Datça’ya özgü damat tatlısı ve ballı bademi yemeden de
buradan ayrılmayın. Kendinizi yorgun hissederseniz ballı badem sizi kendinize
getirecektir. Çok fazla bilinmese de oldukça farklı ve harika bir lezzete sahip
Datça ballı, badem ile birleştiğinde harika bir lezzet meydana geliyor.
Datça’nın liman lokantalarından bahsetmemek olmaz. Datça’nın
sadece denizi, doğası değil mutfağı da meşhur. Limanda bir lokantaya oturup,
harika manzara eşliğinde Akdeniz yemeklerini tatmalısınız.
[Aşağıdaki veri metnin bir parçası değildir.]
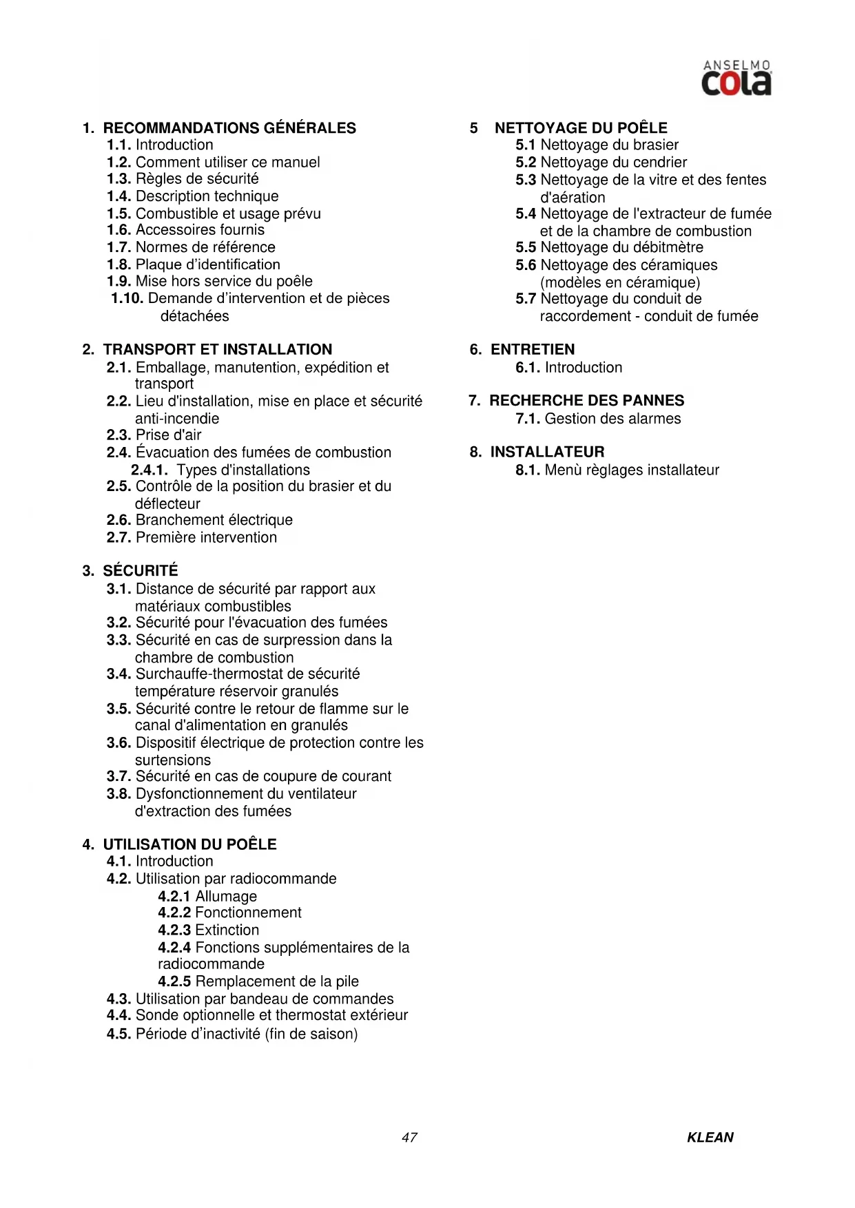 Pour toutes les opérations d'entretien ou de nettoyage de fin de saison, la société COLA recommande de faire appel à un centre d'assistance agréé qui vérifiera par la même occasion l'état d'usure des composants internes du poêle.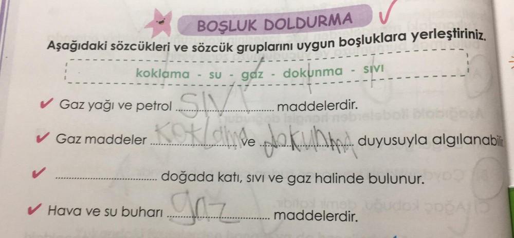 BOŞLUK DOLDURMA Aşağıdaki sözcükleri ve sözcük gruplarını uygun boşluklara yerleştiriniz. koklama - su - gaz- dokunma - SIVI SIVY Kot dhe Jak ve ✓ Gaz yağı ve petrol ✓ ✓ Gaz maddeler maddelerdir. ✔Hava ve su buharı k duyusuyla algılanabi doğada katı, sıvı ve gaz halinde bulunur. J maddelerdir.
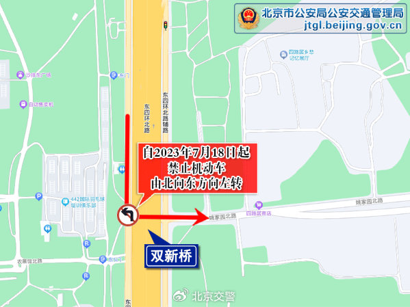 为保障北京朝阳站周边道路交通安全顺畅,根据道路交通安全法律法规有关规定,决定自2023年7月18日起,朝阳区双新桥下路口禁止机动车由北向东方向左转。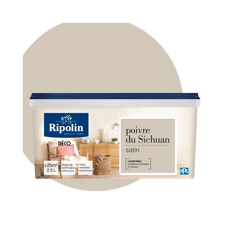 La gamme RIPOLIN Esprit Déco poivre de sichuan satin permet de redécorer toutes les pièces pour suivre toutes les idées et toutes les envies. Peinture monocouche au bon pouvoir opacifiant, elle s'applique facilement sur les murs, les boiseries et les radiateurs. Ce produit est disponible en plusieurs teintes et en blanc.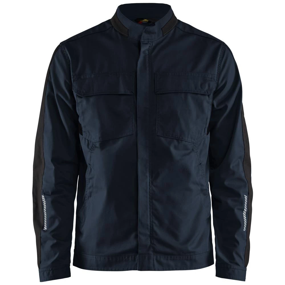 Industri-jakke i et ridsefrit design og et komfortabelt tovejs-stretchmateriale for komfort og god bevægelsesfrihed. Skjulte knapper reducerer risikoen for at ridse, når der arbejdes i miljøer med følsomme overflader. Velegnet til industri og servicebranchen. Modellen har formsyede ærmer, høj krave, justerbar linning og ærmeafslutning, D-ring, kraftig envejslynlås og funktionelle lommer: brystlommer med læg og lukning, indstikslomme med skjult lynlåslomme og ærmelomme med blyantlomme. Refleksdetaljer i ryg og på ærmer. Jakken er velegnet til industrivask (EN ISO 15797). Fås i flere farver og størrelser.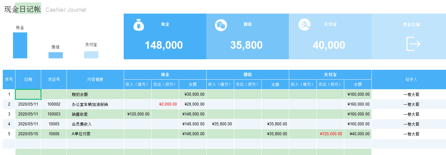 本系统包含现金记录、银行记录、自动生成现金日报、自动生成现金盘点表、一键打印往来对帐函等功能;
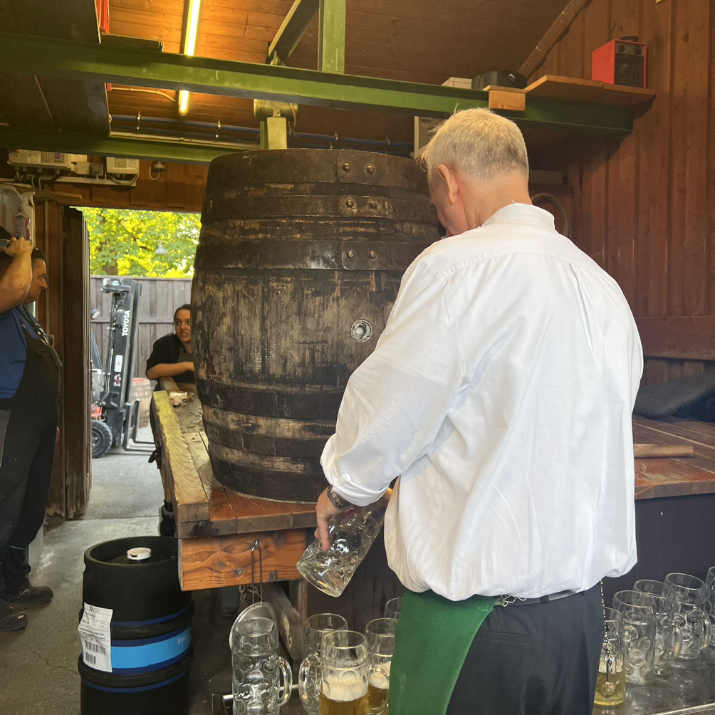 어느 비어가든의 셀프서비스 코너가 그렇듯, 잔을 기울여 오크통에서 바로 따로 준다.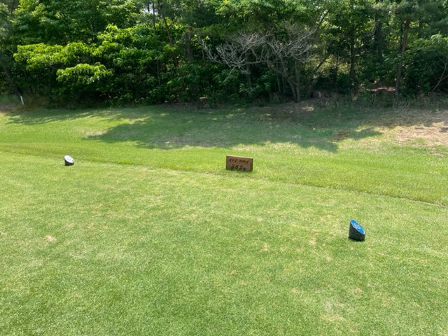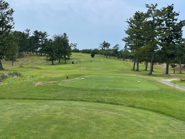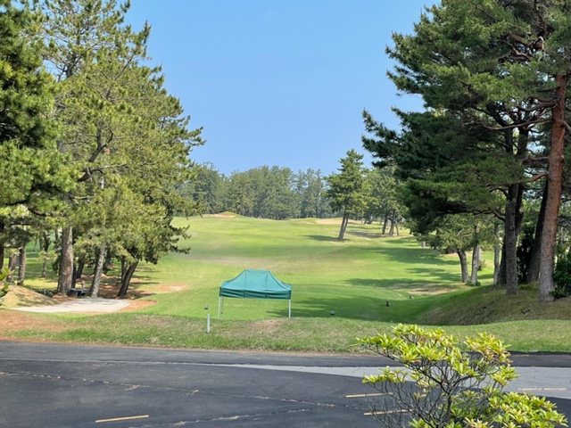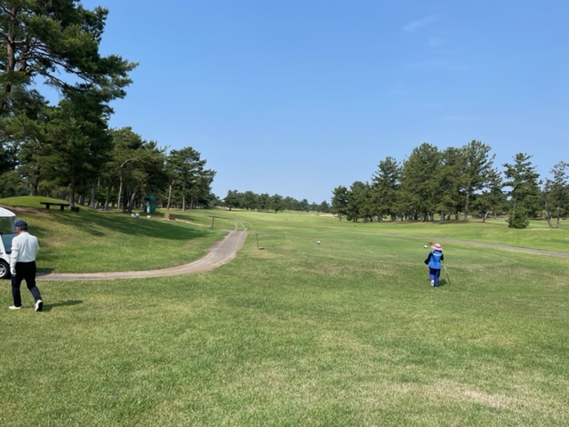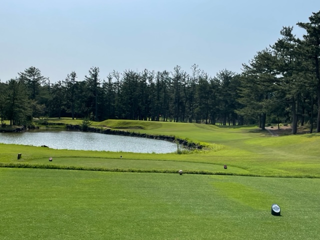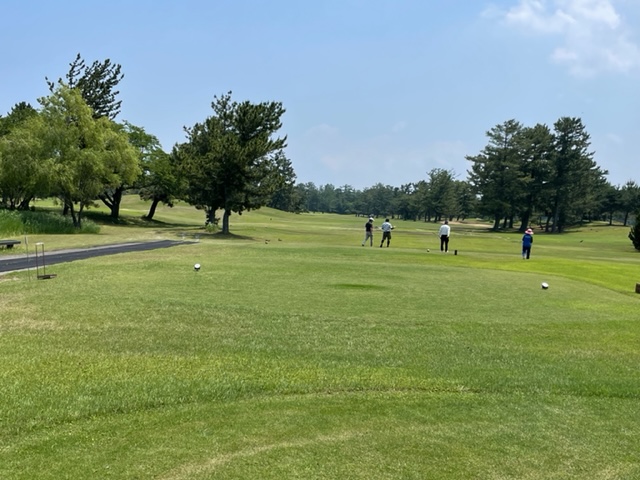 その後、パターを転がして、加賀のインから。今日は青ティで進行します。同伴者は縁の神奈川県のI.Mさん、関西チームのN.Mさん、Mさんとのペアリングです。

Datça’ya kadar gelmişken Can Yücel’in müzeye çevrilen evini
ziyaret etmeden olmaz. Eski Datça’daki Can Yücel Kahvesi'nde de oturup demli bir
çay içebilirsiniz.
Eğer zamanınız ve vizeniz varsa Datça’ya çok yakında bulunan
Simi adasına da geçebilirsiniz. Küçük bir koyu, sakin ada halkı ve kültürüyle
Simi adası adeta insanı büyülüyor.
Datça’ya bir kaç gün yeter demeyin, Datça’nın büyüsüne
kapılıp tatilinizi biraz daha uzatmak isteyebilir ya da tam tadını alamadan
dönmek zorunda kalabilirsiniz. Sessiz ve huzurlu bir tatil geçirmek isterseniz
Datça tatil rotanızda mutlaka bulunmalı.
Burada konaklarken mutlaka bir gününüzü Datça tekne turuna
katılarak geçirmelisiniz.
Datça’ya gelmişken çiftliklerini gezmeden dönmeyin. Doğa ile iç
içe bir kaç saat geçirmek isterseniz mandalina bahçelerini ya da zeytin
çiftliklerini dolaşabilirsiniz.
Ayrıca Datça’da bulunan Knidos Antik kentini de gezebilirsiniz.